Fuoco e luce nella liturgia cristiana |
Non
c'è religiosità sotto il cielo che non ponga il fuoco al centro del proprio
culto come segno per esprimere la divinità e il suo operare. E non potrebbe
essere diversamente. Il fuoco illumina, purifica, riscalda, consuma, distrugge e
trasforma. È insieme ad aria, acqua e terra uno dei quattro elementi
fondamentali del creato, secondo le antiche concezioni, e come tale ricco di
messaggi per ogni cultura e in ogni tempo poiché porta in qualche modo, se così
possiamo dire, la firma del Creatore. Non è senza ragione che il fuoco, anche
quando la sua azione è distruttiva, costituisce sempre uno spettacolo
terrificante e affascinante insieme. Nulla come il fuoco esprime il fascino e
insieme il timore dell'uomo di fronte al mistero della vita, al mistero di Dio e
dell'aldilà. È poi sintomatico che il fuoco, sotto forma di falò, raccolga
facilmente in cerchio le persone, le renda più meditative, le faccia sentire più
in comunione, nella gioia come nel dolore. Del resto non è certo casuale che il
fuoco domestico sia diventato simbolo della famiglia raccolta nella più intima
e profonda solidarietà. Nelle antiche civiltà infatti il focolare domestico
era considerato come un luogo sacro o comunque dalle forti valenze religiose.
II
fuoco pertanto non poteva non diventare uno strumento fondamentale anche nella
rivelazione di Dio e nel culto cristiano.
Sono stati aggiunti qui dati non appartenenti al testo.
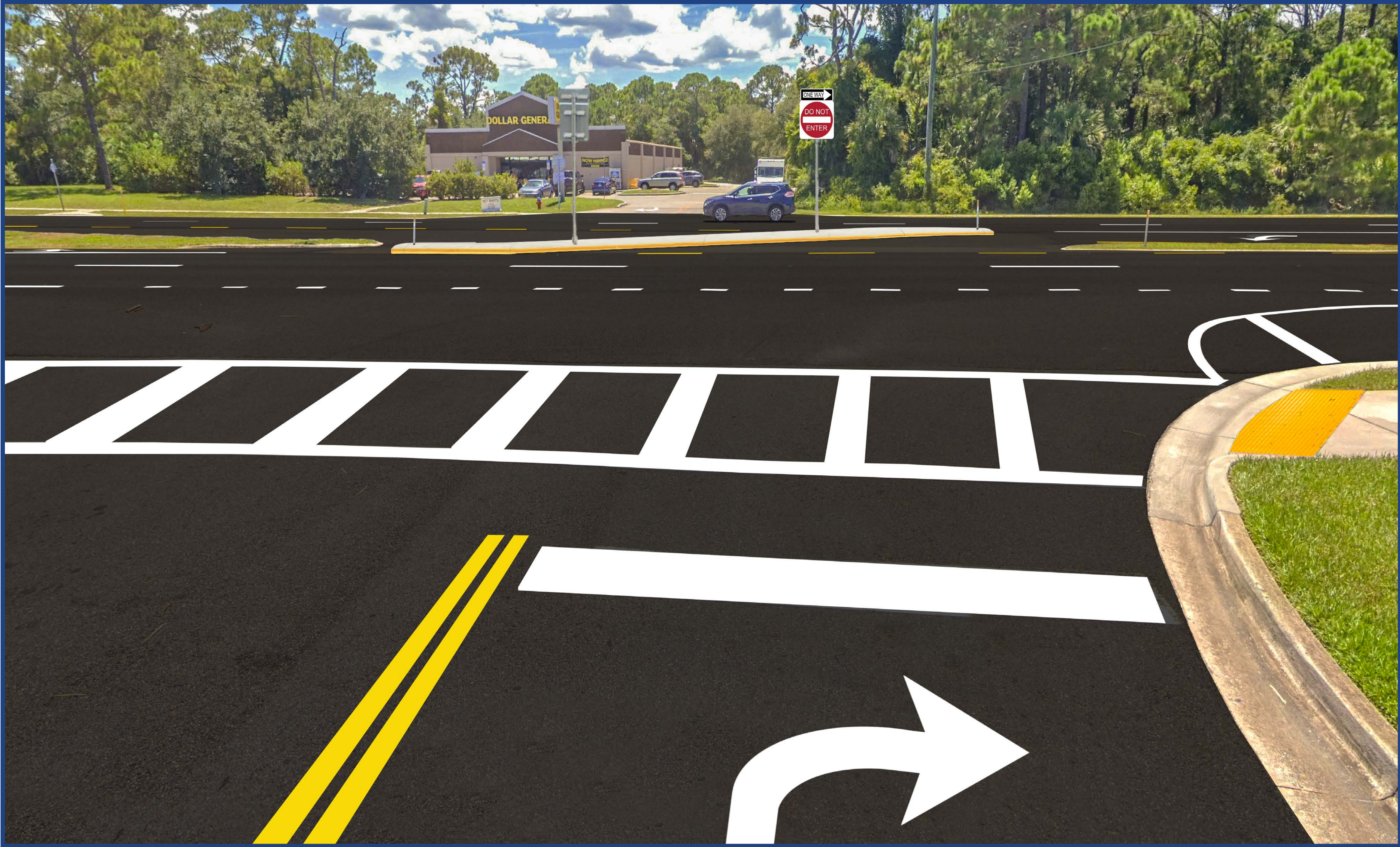
Artist Rendering: View from westbound Homeport Terrace

Stay up to date with project information by scanning the QR code to visit the project website

Per la verità il fuoco in quanto tale
non trova molto spazio nella liturgia cristiana e probabilmente per ragioni
pratiche anche molto ovvie. Questa però è un'impressione assai superficiale.
Infatti i lumi che vengono impiegati durante le celebrazioni non hanno
semplicemente una funzione pratica, quella di rischiarare, ma hanno soprattutto
una funzione simbolica che si radica nel segno del fuoco. L'avvento dell'energia
elettrica ha certamente oscurato questa dimensione simbolica originaria. Così
pure è stato negativo l'uso semplicemente devozionale delle candele,
soprattutto quando esse sono finte, alimentate elettricamente e con accensione a
gettoniera o ad interruttore. Ogni simbolo corre sempre e comunque il rischio di
essere usato con modalità magiche e paganeggianti. Se poi il simbolo perde
anche la sua carica di verità, il pericolo diventa quasi inevitabile. Ancora
una volta quindi è d'obbligo il riferimento alla Scrittura, senza la quale non
si possono comprendere veramente i simboli cristiani (cf SC 24).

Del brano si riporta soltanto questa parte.